Submitting bill requests early allows legislators, legislative staff, and stakeholders more time to research, consider, develop, and draft bills. And there are other benefits for legislators who can invest a little more time on bill drafting earlier in the fall.

Time Management:
There’s no way around it – bill request deadlines require legislators and staff to complete the bulk of the bill drafting before the convening date of the next session. A legislator can wait until the deadline to submit his or her bill requests and spend the four to five weeks immediately before session – including the holidays – in heavy drafting mode or try to shift a portion of the pre-session drafting demands to earlier in the interim and:

  • Reduce the time demands of drafting in December and January, allowing more time to prepare for session, meet with constituents and stakeholders, and tie up other personal matters before the session starts.
  • Save big on time and enjoy bill request flexibility by having a solid draft of a bill completed by November. (There is no need to finalize a bill until closer to the desired introduction date.)
  • Have the luxury of focusing on one or two bill requests at a time. Once a bill draft is close to being finished, the request can be set aside and the legislator and drafter can start work on another bill. This way, a legislator isn’t just trading a busy December for a busy September or October, but instead leveling the time demands of bill drafting over four to five months.
  • Allow legislative staff more time to assist in developing and drafting the legislation. Staff is more readily available to attend meetings, consult on drafting language, and, if needed, provide in-depth research before December.

A lot can change between now and January and it may seem that drafting in September and October could be a waste of time. After all, a legislator may need to significantly change, update, or even withdraw a bill draft before introduction. But that’s okay, because it’s usually easier and faster to revise or rewrite an existing bill draft than to create it from scratch at the last minute. Even if a legislator finds that he or she must withdraw a bill request, he or she doesn’t lose the benefits of early drafting efforts.


  • Early interim bill drafting allows a legislator and the bill’s stakeholders more time to make informed decisions about the bill’s content.

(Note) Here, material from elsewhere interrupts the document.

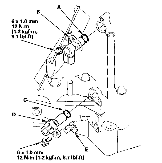 21. Install the new O-ring (C) on the output shaft (countershaft) speed sensor (D), and install the output shaft (countershaft) speed sensor and sensor washer (E).

Early interim drafting may require legislators to set some internal production deadlines to keep the bill draft moving along, especially when working with larger groups of stakeholders and constituents.
  • With a bill draft in hand, even if it’s only an initial draft, a legislator is better equipped to know whether to introduce the bill, who to approach for second house sponsorship, and where the bill fits best in his or her bill introduction order.
  • Often it is impossible to determine if a bill request is identical or substantially similar to another legislator’s bill request until draft language is available. By having drafts completed earlier in the interim, staff can more easily identify duplicate bills and the legislator can decide whether to proceed or replace the request sooner. (See Ask OLLS posting “What happens if I make the same bill request as another legislator?”)
  • If a legislator has his or her bill drafted in the fall, he or she may authorize a fiscal analyst to provide an early estimate of how much the bill may cost. Knowing how expensive a bill may be before it’s introduced enables the legislator to consider changes before the bill is introduced and becomes public.
  • The ability to review drafts of bills before the December 1 deadline is one of the best reasons to use more of the interim to develop and draft bills. If a legislator must decide whether to withdraw and replace one or more bill requests, then it’s best to make that decision before the first bill request deadline when the rules allow greater flexibility in making and replacing bills.